**Exercise description:** Copy exactly the stretch of data below from the line with "Кольцо золотое мотошина, сделано на свадьбу." through the line with "(뉴스코리아=서울) 김정호 기자", including both of those lines.

**Entries supplied:**

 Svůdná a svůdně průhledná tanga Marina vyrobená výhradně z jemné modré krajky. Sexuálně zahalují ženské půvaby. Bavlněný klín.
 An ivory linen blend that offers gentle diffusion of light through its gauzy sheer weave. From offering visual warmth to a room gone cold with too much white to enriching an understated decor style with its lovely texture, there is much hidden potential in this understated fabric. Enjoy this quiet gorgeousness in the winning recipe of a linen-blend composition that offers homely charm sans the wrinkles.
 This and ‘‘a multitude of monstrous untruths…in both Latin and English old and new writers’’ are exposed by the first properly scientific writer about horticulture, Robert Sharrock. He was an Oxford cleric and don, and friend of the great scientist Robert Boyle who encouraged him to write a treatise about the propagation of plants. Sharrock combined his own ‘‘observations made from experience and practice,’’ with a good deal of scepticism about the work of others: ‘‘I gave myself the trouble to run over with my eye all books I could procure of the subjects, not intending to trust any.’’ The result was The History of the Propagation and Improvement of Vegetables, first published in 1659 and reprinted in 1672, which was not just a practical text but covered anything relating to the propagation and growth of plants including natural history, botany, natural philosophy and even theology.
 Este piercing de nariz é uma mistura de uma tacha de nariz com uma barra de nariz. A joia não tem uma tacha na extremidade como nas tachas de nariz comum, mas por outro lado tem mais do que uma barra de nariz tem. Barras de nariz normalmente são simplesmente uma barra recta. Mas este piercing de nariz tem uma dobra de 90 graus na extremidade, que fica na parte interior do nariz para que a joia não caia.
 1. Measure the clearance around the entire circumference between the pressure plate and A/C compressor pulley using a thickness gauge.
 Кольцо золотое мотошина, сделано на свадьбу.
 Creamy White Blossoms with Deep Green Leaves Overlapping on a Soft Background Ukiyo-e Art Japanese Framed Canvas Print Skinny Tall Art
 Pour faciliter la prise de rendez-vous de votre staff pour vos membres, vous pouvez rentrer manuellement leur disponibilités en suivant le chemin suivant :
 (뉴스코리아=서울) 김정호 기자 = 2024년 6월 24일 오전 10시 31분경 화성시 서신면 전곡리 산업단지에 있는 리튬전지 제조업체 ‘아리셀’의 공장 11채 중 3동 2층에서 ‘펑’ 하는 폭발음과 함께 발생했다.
--
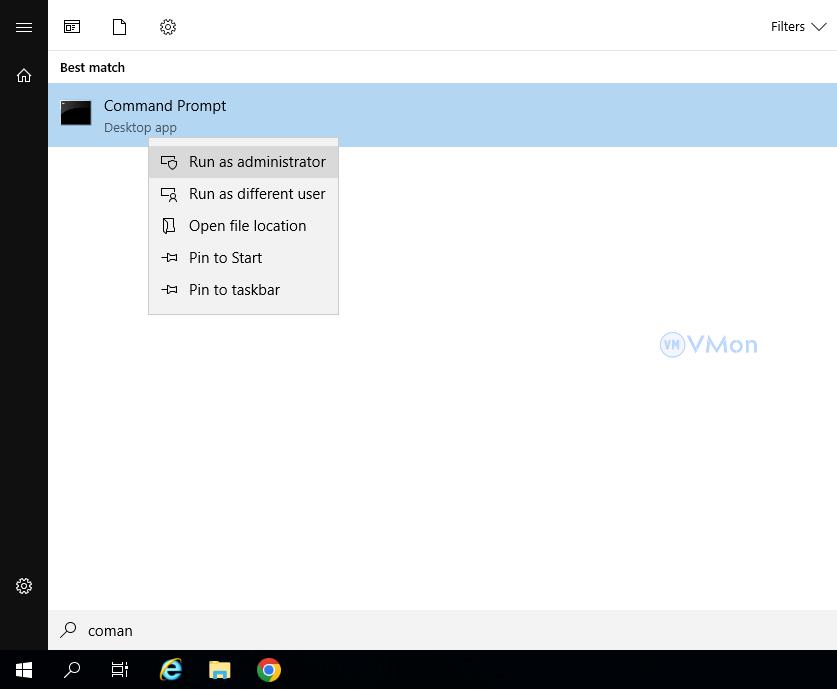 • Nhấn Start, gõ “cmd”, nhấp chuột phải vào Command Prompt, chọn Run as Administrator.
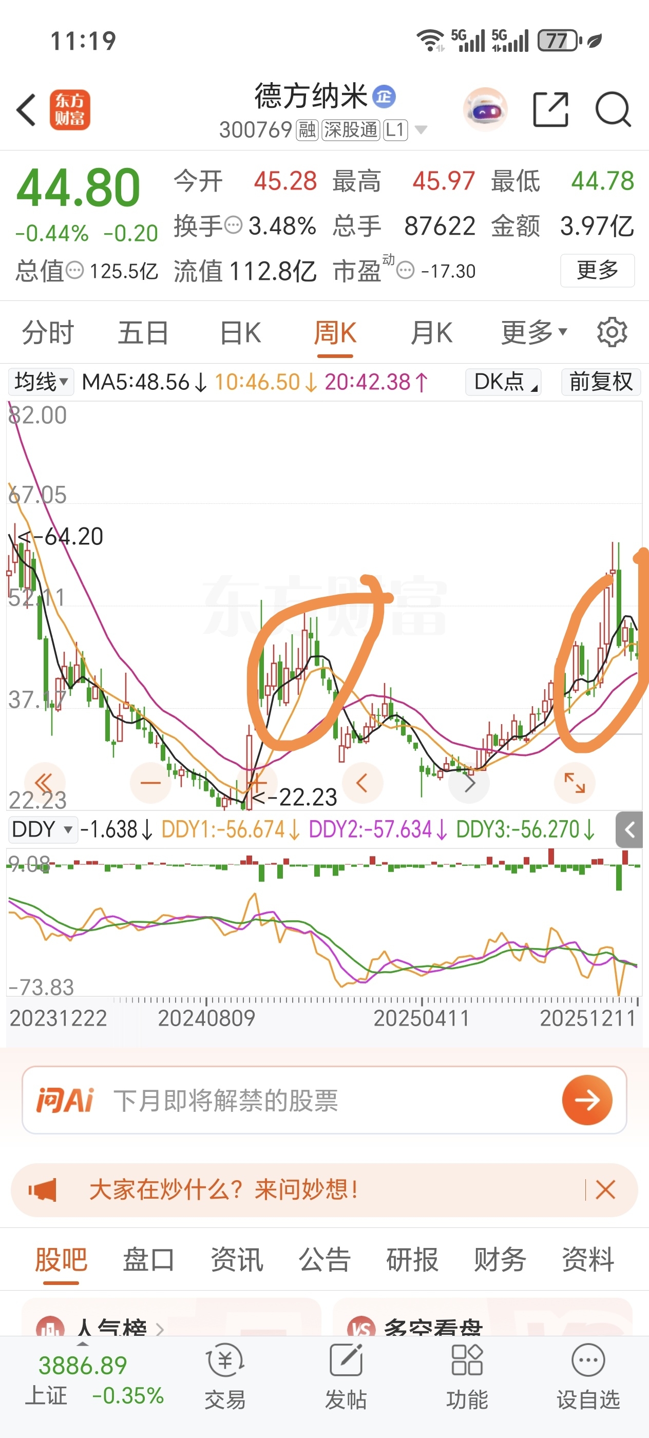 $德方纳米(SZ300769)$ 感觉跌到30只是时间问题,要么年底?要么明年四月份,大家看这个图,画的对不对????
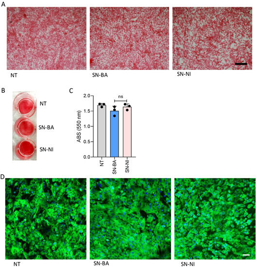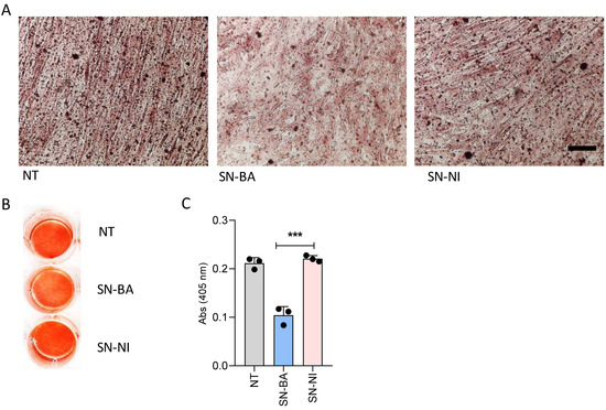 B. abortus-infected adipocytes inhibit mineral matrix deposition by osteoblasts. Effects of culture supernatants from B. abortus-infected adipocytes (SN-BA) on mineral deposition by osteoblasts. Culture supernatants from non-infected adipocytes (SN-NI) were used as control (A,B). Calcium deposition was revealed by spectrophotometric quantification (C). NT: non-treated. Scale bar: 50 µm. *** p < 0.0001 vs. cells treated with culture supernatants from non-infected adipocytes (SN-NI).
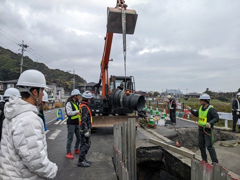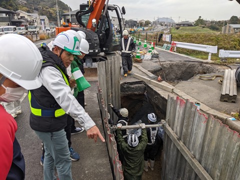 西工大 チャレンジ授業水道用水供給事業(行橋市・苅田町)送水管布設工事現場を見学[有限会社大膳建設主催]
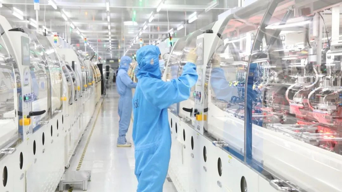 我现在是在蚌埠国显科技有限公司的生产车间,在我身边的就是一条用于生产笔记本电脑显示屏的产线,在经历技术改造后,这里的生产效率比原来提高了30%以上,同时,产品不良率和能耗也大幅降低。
--
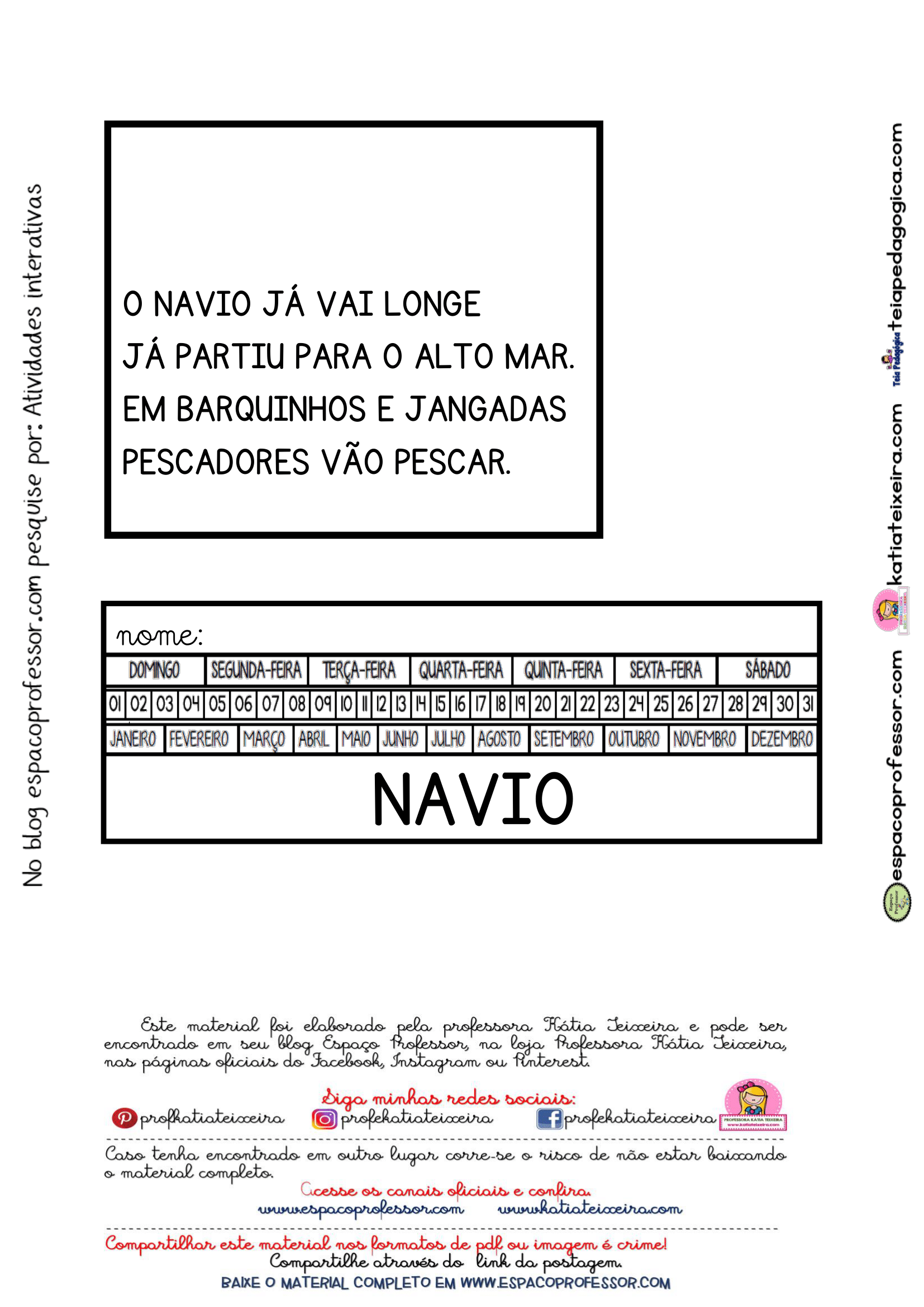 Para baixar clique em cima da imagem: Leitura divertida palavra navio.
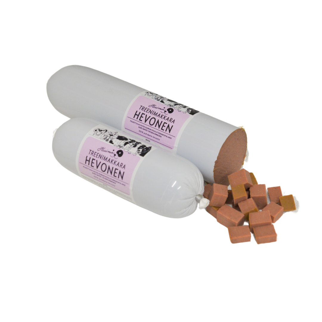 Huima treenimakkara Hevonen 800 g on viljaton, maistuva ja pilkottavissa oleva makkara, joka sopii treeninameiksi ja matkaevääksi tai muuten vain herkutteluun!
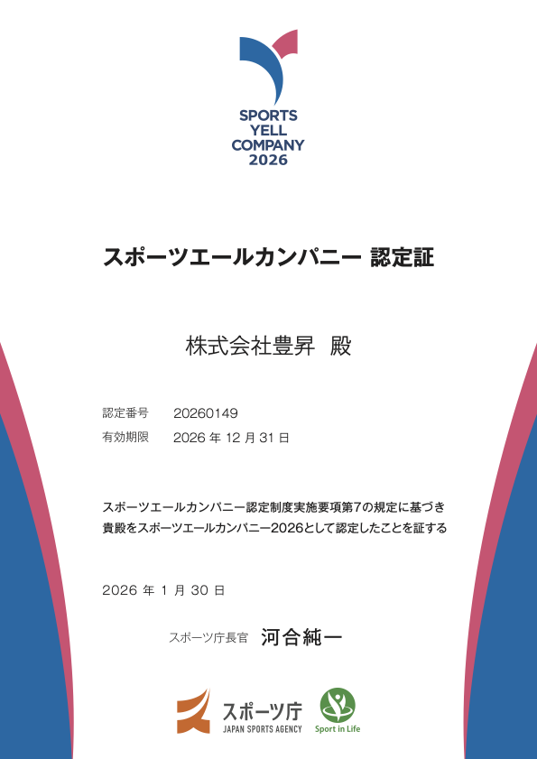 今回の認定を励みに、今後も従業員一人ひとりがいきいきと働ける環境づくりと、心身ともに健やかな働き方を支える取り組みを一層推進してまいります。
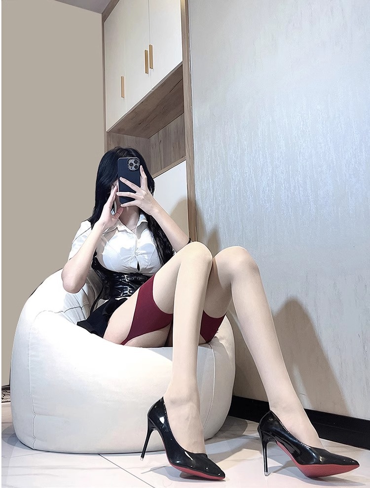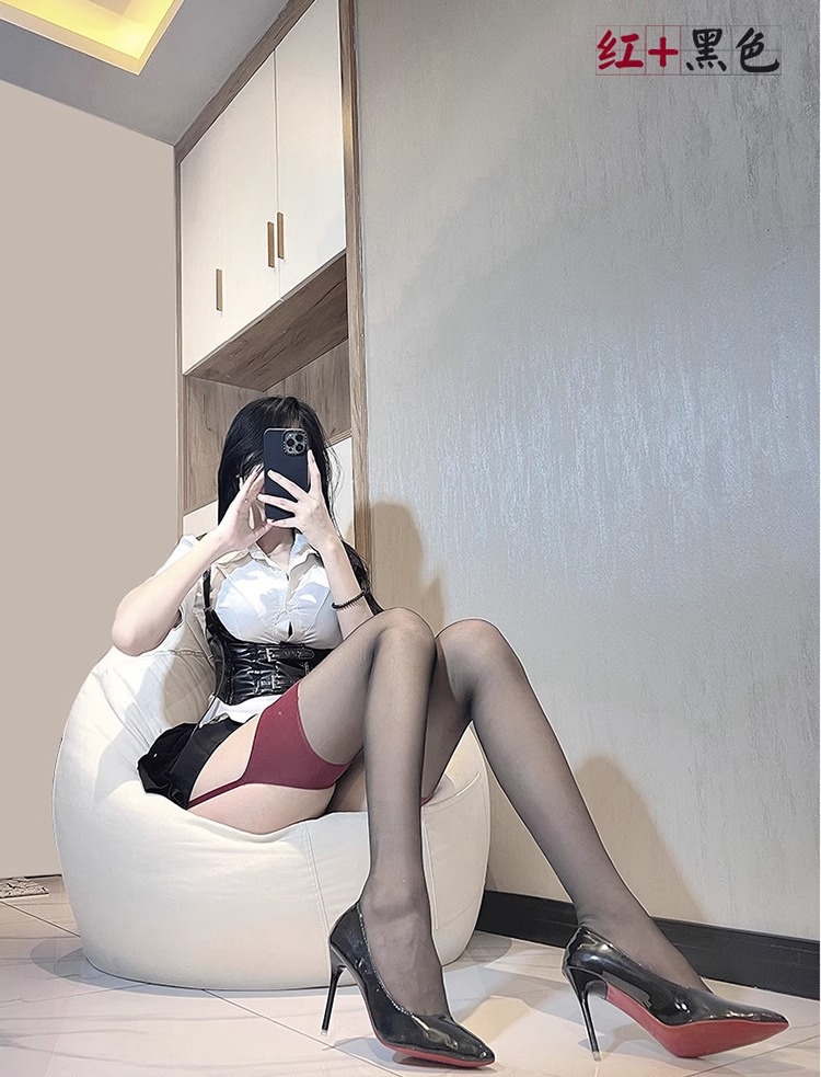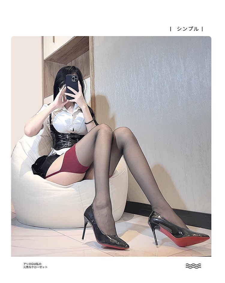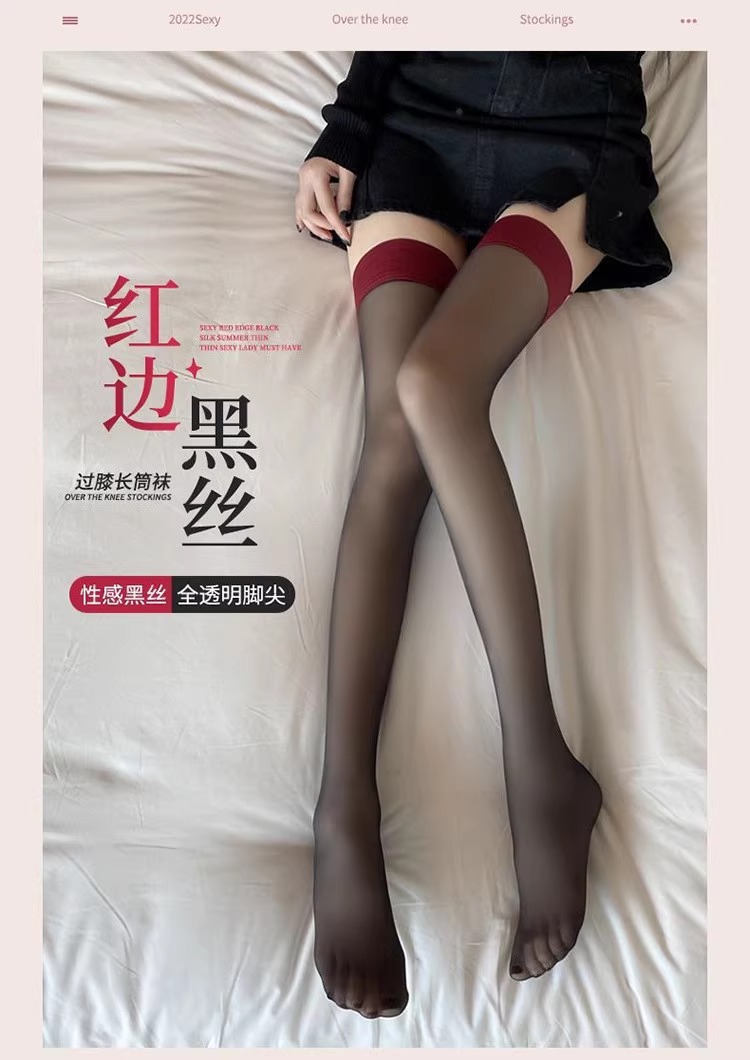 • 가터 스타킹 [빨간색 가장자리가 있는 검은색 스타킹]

**Expected output:**
 Кольцо золотое мотошина, сделано на свадьбу.
 Creamy White Blossoms with Deep Green Leaves Overlapping on a Soft Background Ukiyo-e Art Japanese Framed Canvas Print Skinny Tall Art
 Pour faciliter la prise de rendez-vous de votre staff pour vos membres, vous pouvez rentrer manuellement leur disponibilités en suivant le chemin suivant :
 (뉴스코리아=서울) 김정호 기자 = 2024년 6월 24일 오전 10시 31분경 화성시 서신면 전곡리 산업단지에 있는 리튬전지 제조업체 ‘아리셀’의 공장 11채 중 3동 2층에서 ‘펑’ 하는 폭발음과 함께 발생했다.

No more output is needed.